I guess I should have answered this question before I read the articles. However, my idea of how reading is learned comes from only my experience as a pre-school teacher. I have always said for me personally the first time a child decodes a word is almost more exciting than the first step. My experience in a Montessori classroom has shown me that children can perform many exercises that prepare them for early reading among which include doing everything from left to right. Picture recognition and exercises in picture matching can provide good preparation for later recognizing letters. While working with children on the phonics, providing them with movable objects that begin with sounds we are teaching them seems to be helpful. Also having them trace the letter on raised letter boards as well as using a sand tray for tracing helps the child imprint the sound on their brain. I very much like the fact that we rarely call letters by their name but rather byt the sound they make. Reading seems to occur for many in our school in a very natural manner with little stress or frustration. Children seem to enjoy journal writing and picture story where they learn to talk about what they see and that words in the journal can tell their own story.

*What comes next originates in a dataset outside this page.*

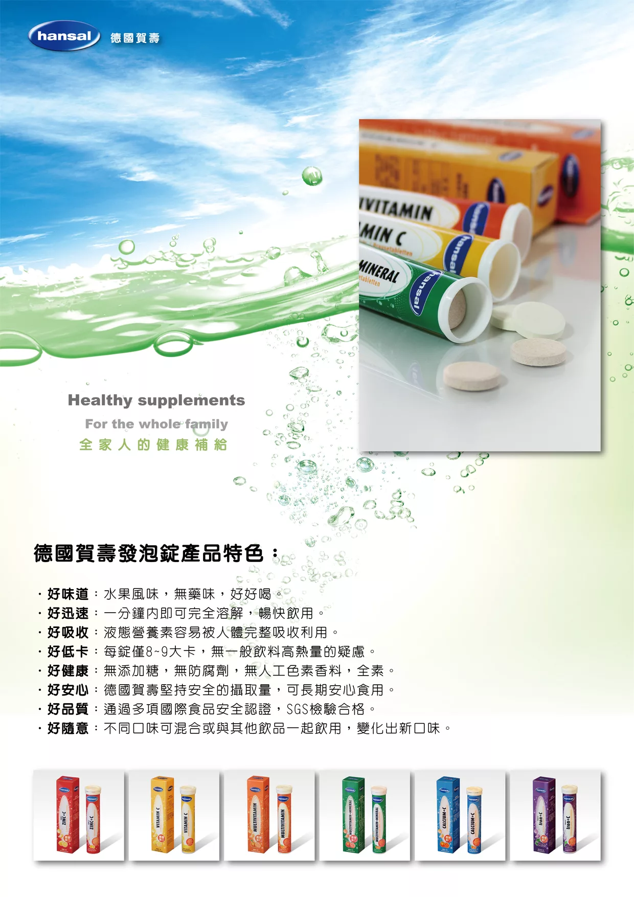 德國賀壽維他命C發泡錠每一錠含240毫克的維生素C,劑量相對安全,適合長期天天飲用。 維生素C可促進膠原蛋白的形成,有助於傷口癒合。促進鐵的吸收。具抗氧化作用。可補充因各種因素造成的維生素C流失。一天一杯,讓您輕鬆美麗,也讓身體多一層保護!

I think that many of the methods we use in the montessori curriculum to teach langauge and reading could be very beneficial to those who have difficulty learning and perhaps they could learn more easily by touching and feeling. It is far easier to teach with the concrete materials before moviung on the the written.
In conclusion, I guess I have a lot to learn about different methods of teaching reading and I am anxious to do so, and hope that i can adopt some of these methods too.